An increasing majority of Americans say a person’s sex is determined from birth, but this hasn’t stopped the left from promoting transgenderism — even when it tanks their business and harms the very people it’s supposed to help. In an attempt to be “inclusive,” the Three Rivers Festival in Fort Wayne, Indiana, will host its third annual drag performance tonight.
This year’s show was initially advertised without an age restriction, but later it was changed to 18+ with an admission fee of $5. Previous shows were open to all ages.
The Three Rivers Festival began in 1969 to promote business and celebrate the city’s heritage.

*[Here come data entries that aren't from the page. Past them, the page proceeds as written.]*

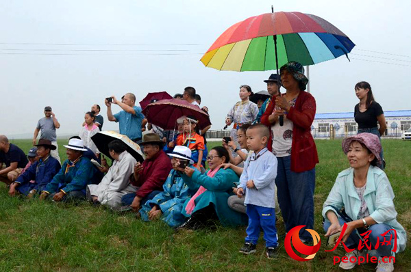 牧民們席地而坐觀看演出。人民網 賀茂杰 攝
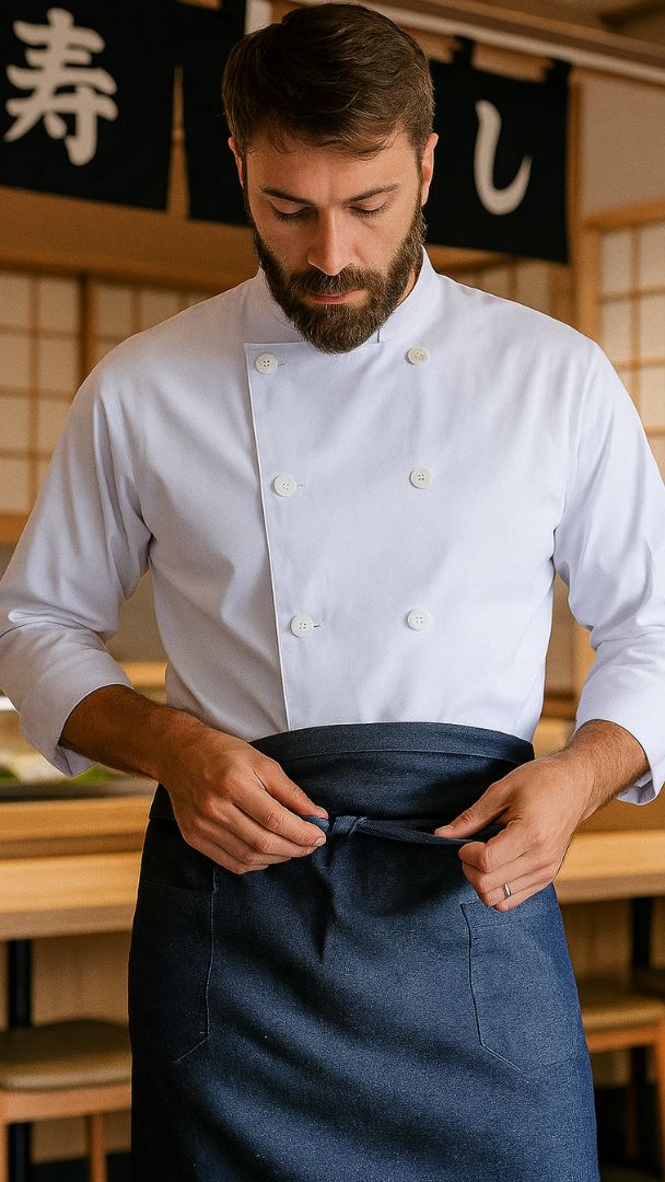 Dolmã unissex, de botão. Tecido 100% algodão - sarja leve. Mangá 3/4. Na cor branca.
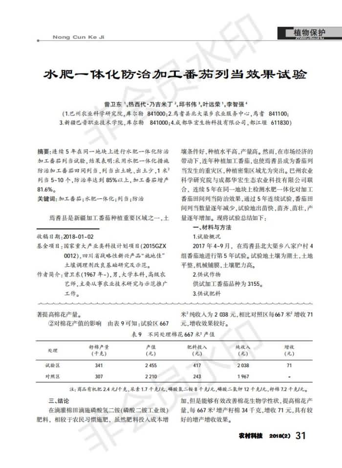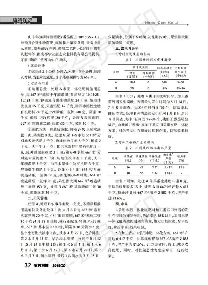 水肥一體化防治加工番茄列當(dāng)效果試驗(yàn)
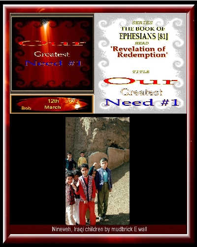 Our Greatest Need ##3  26th March 2013  Bob Our Greatest Need ##4  2nd April 2013  Bob
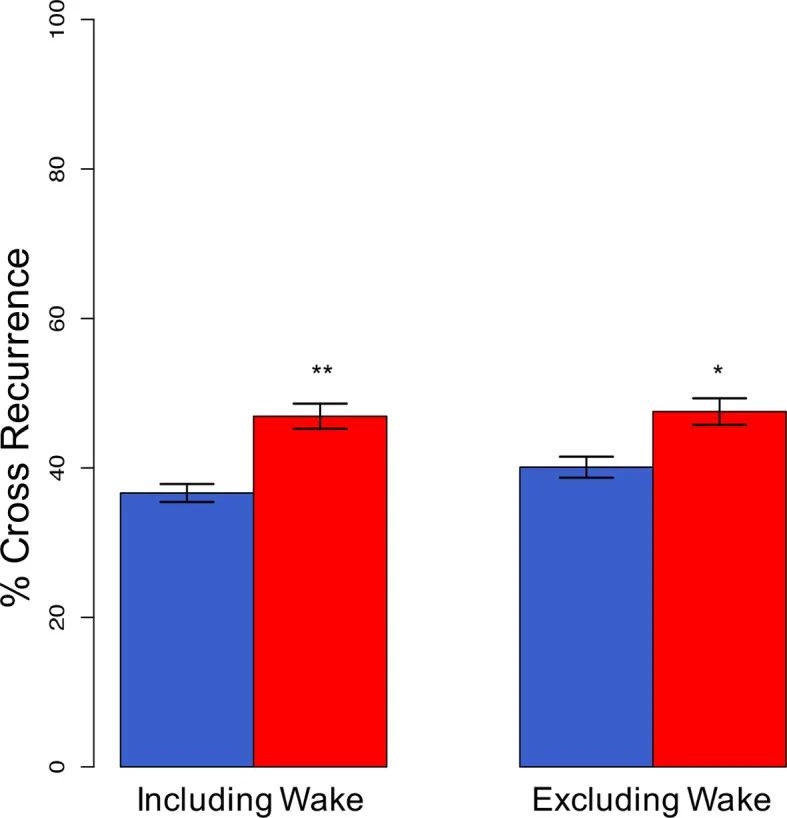 与单独睡眠(蓝条)相比,共同睡眠(红条)中睡眠阶段的完全、直接同步性显著增加,甚至近一半的夜间睡眠都是同步的,图片来源:参考文献 [1]
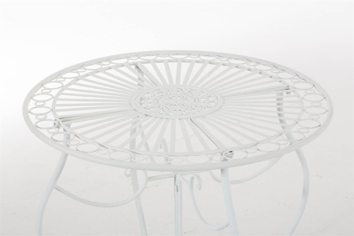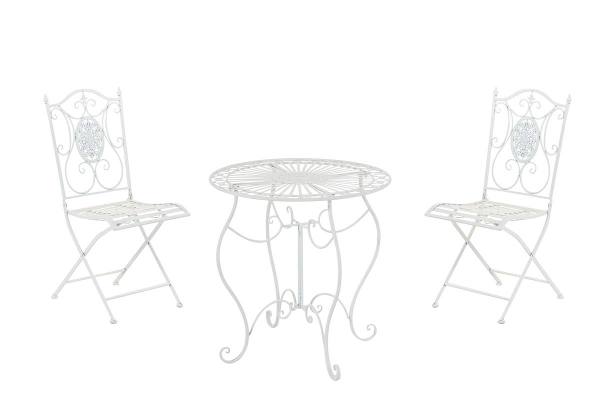 Este juego de jardín Aldeano de una mesa y dos sillas no pasa desapercibido gracias a su diseño y estilo. El conjunto tiene un estilo rústico resaltado por sus decoraciones terminadas a mano con detallada precisión, eso hace no solo que este juego de jardín resalte sino que lo hace combinable con otros conceptos decorativos. El juego de jardín consta de una mesa y dos sillas plegables. Tanto la mesa como las sillas son de hierro galvanizado. Este juego es muy práctico ya que una vez no se necesitan las sillas, o si se quiere tener más espacio, se pueden plegar y guardarlas. El diseño de los muebles transporta a épocas pasadas pero no renuncia a la funcionalidad y a la estabilidad de los muebeles de hoy en día.
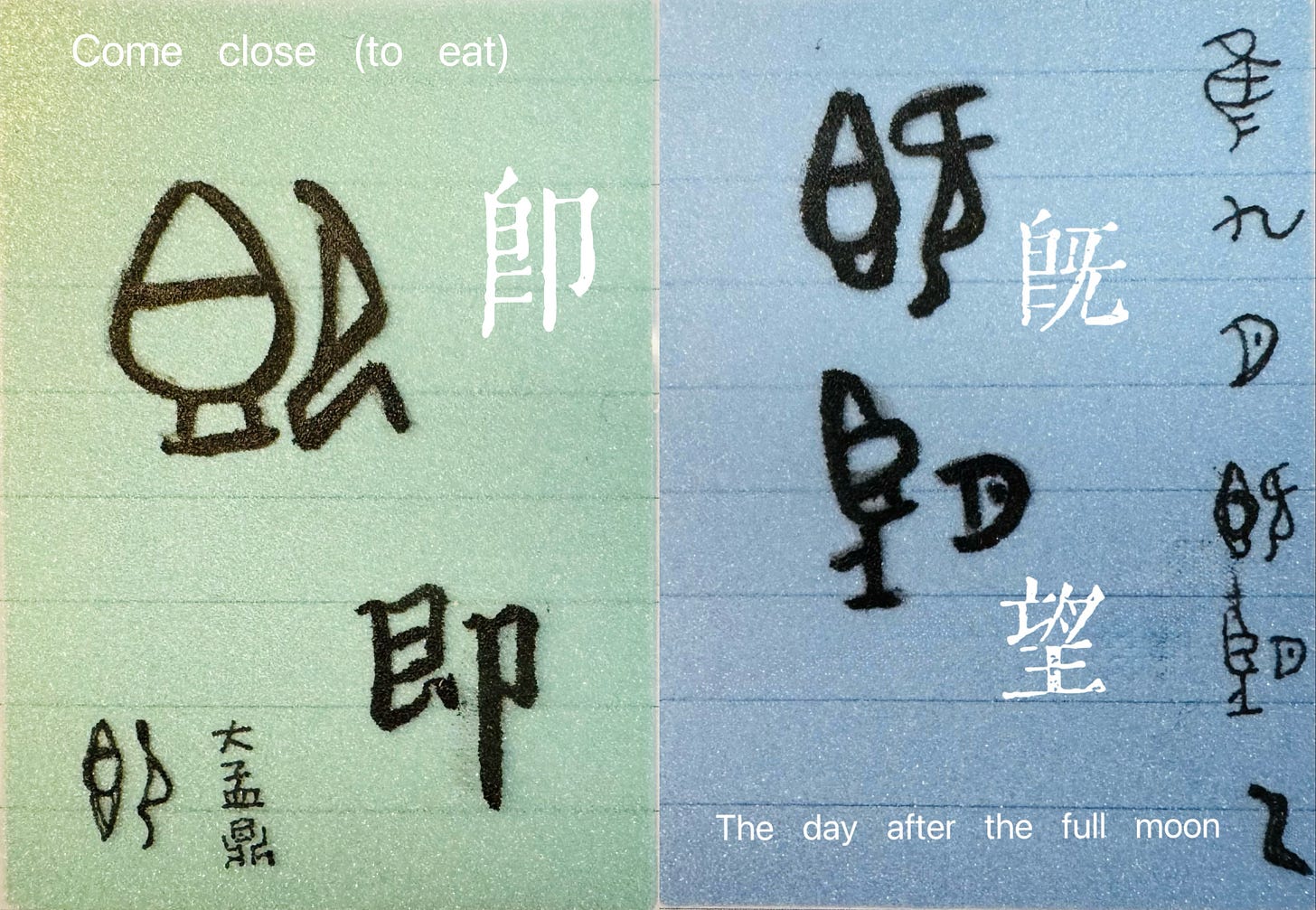 A cooking vessel on the left, steam rising from its opening (they would have been drawn in if they could but dots in oracle bone2 pictures are mostly used to describe blood); a kneeling person right next to it, facing away. It’s been interpreted as the person has completed the meal and perhaps having a quiet burp. 既 means finished, completed. Though I always thought of it as the meal is ready to serve and the person is turning around calling the family to come and join in. More delicious this way.
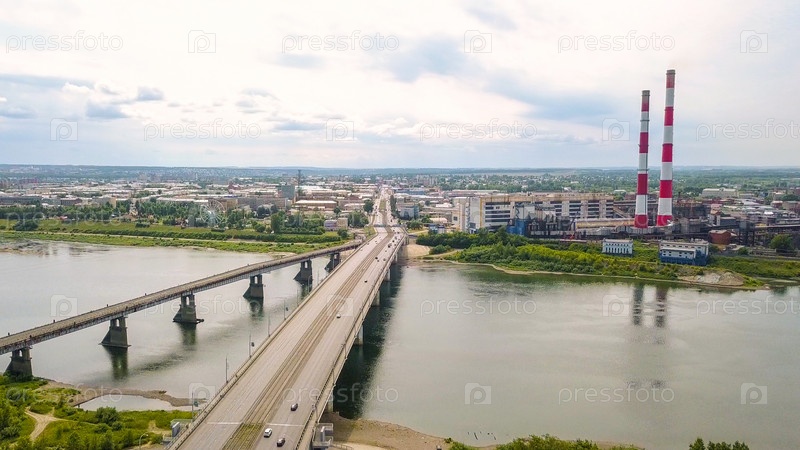 Кузнецкий мост через реку Томь. Панорамный вид на город Кемерово. Россия, Из Дрона
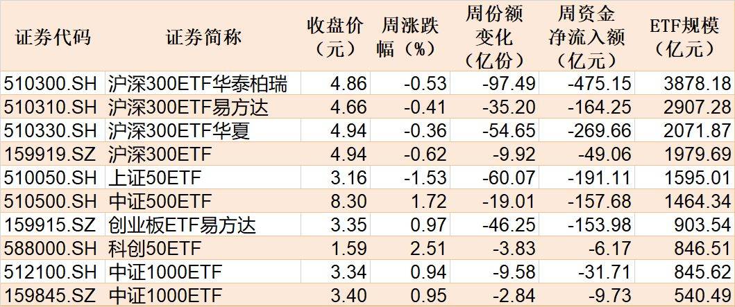 具体ETF方面,规模较大的10只宽基指数ETF本周合计净流出1508.5亿元,其中沪深300ETF华泰柏瑞净流出475.15亿元。
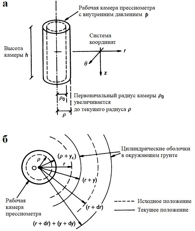 Рис. 11.13. Идеализированная геометрия деформации при испытании прессиометром (а) и поперечное сечение, показывающее радиальные смещения грунтовых цилиндрических оболочек с различными начальными радиусами (б)
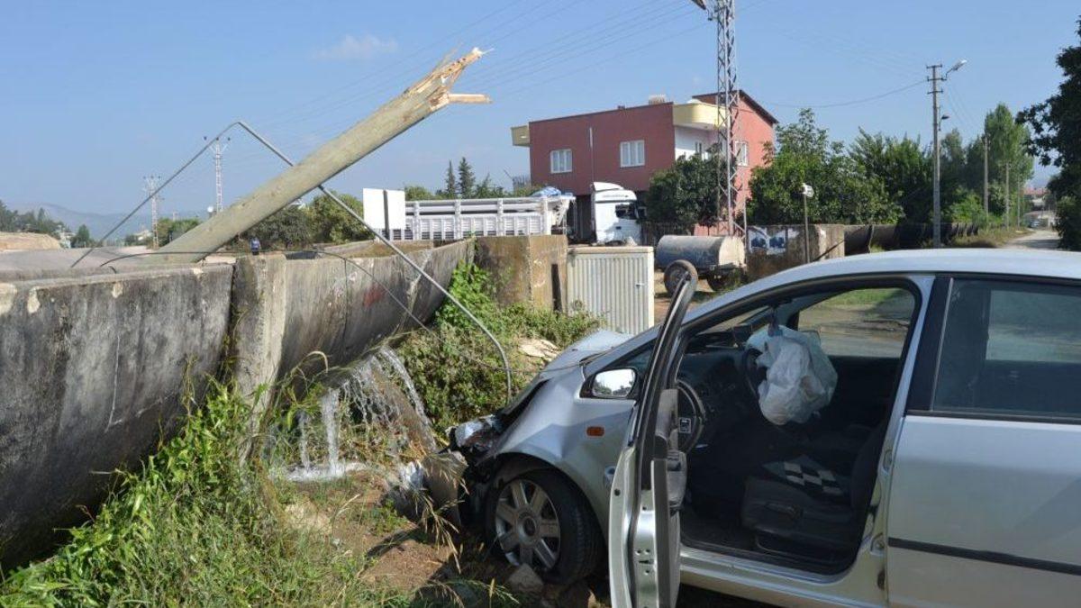 Adana Kozan’da bir otomobilin kanalete çarpması sonucu meydana gelen trafik kazasında bir kişi yaralandı. Tavşantepe Mahallesi Toki yol kavşağında meydana gelen kazada, Yılmaz Şaşoğlu yönetimindeki 01 RT 509 plakalı otomobil, kontrolden çıkarak yol kenarında bulunan Telekom direğine, ardından sulama kanaletine çarparak durabildi.Kazadan yaralanan sürücü Şaşoğlu kendi imkanları ile Kozan Devlet Hastanesi acil servisine gitti. Kaza ile ilgili soruşturma başlatıldı.

The festival gets its name from the three rivers that meet in Fort Wayne. It has since grown to be the second-largest summer festival in Indiana, with almost half a million visitors each year. A drag show was added to the festival in 2021.
According to polling from the American Principles Project last year, a majority of Indiana voters oppose the gender ideology takeover of schools and society. Almost 65 percent of likely Indiana voters support legislation banning males from competing in girls sports in K-12 schools.
Peter Scaer, a Lutheran pastor from Fort Wayne, said the festival should celebrate good things instead of promoting ugliness and mockery.
“They’re pushing an agenda which is breaking down all of the barriers, or all the goodness of what it means to be a man and a woman, and it’s very confusing for our children.” Scaer said, “It sets a bad example for adults — especially for our community — to sponsor this.”
The inclusion of a drag show influenced at least one sponsor’s decision to pull funding from the festival. Bill Bean, the principal of NAI Hanning & Bean, said in a statement to WANE 15 that he withdrew sponsorship last year after investing over $600,000 in the festival.
Bean told 21Alive News the company withdrew its support because the board parted ways with festival director Jack Hammer and politicized the festival.
“I had always thought of the Festival as an event that avoided political and divisive issues, and my conclusion was that the board was trying to insert their personal social agenda onto the festival,” Bean said in a statement to 21Alive News. “I felt this was wrong not because of the event itself but using the festival that way. I would have felt the same way if they wanted to have a MAGA event.”
Bean did not reply to requests for comment.
Another sponsor, Ruoff Home Mortgage, pulled funding from the festival this year, but the company did not respond to interview requests.
The festival’s 62 current sponsors include the City of Fort Wayne, the Allen County Board of Commissioners, and the Greater Fort Wayne Inc. Metro Chamber Alliance.
John Nichter, the president of the Three Rivers Festival Board, did not respond to multiple interview requests, but he previously told 21Alive News that the drag show is held in an area where people will not accidentally see it.
“You have to go into our venue. It’s not in an open area that you’re going to accidentally see, or your family is going to see,” he said. “You would have to bring your family into that area to see.”
Nichter stood by the board’s decision to include the festival despite the backlash. “We want to be inclusive of all types of people,” he told 21Alive News.
Scaer said having a drag show advertised at a family-friendly festival normalizes deviancy.
“It’s not like watching ‘Mrs. Doubtfire.’ This is not just ‘oh, men dressing up as women, and it’s kind of funny,’” he said. “It’s hyper-sexualized, and our society is already pushing that everywhere.”
Scaer is a founding member of Shepherds United, an ecumenical group of pastors, priests, and ministers gathered for the sake of life, natural marriage, and religious liberty.
“There’s so much we should be promoting that’s natural and good, and that’s beautiful,” Scaer said. “And this isn’t it.”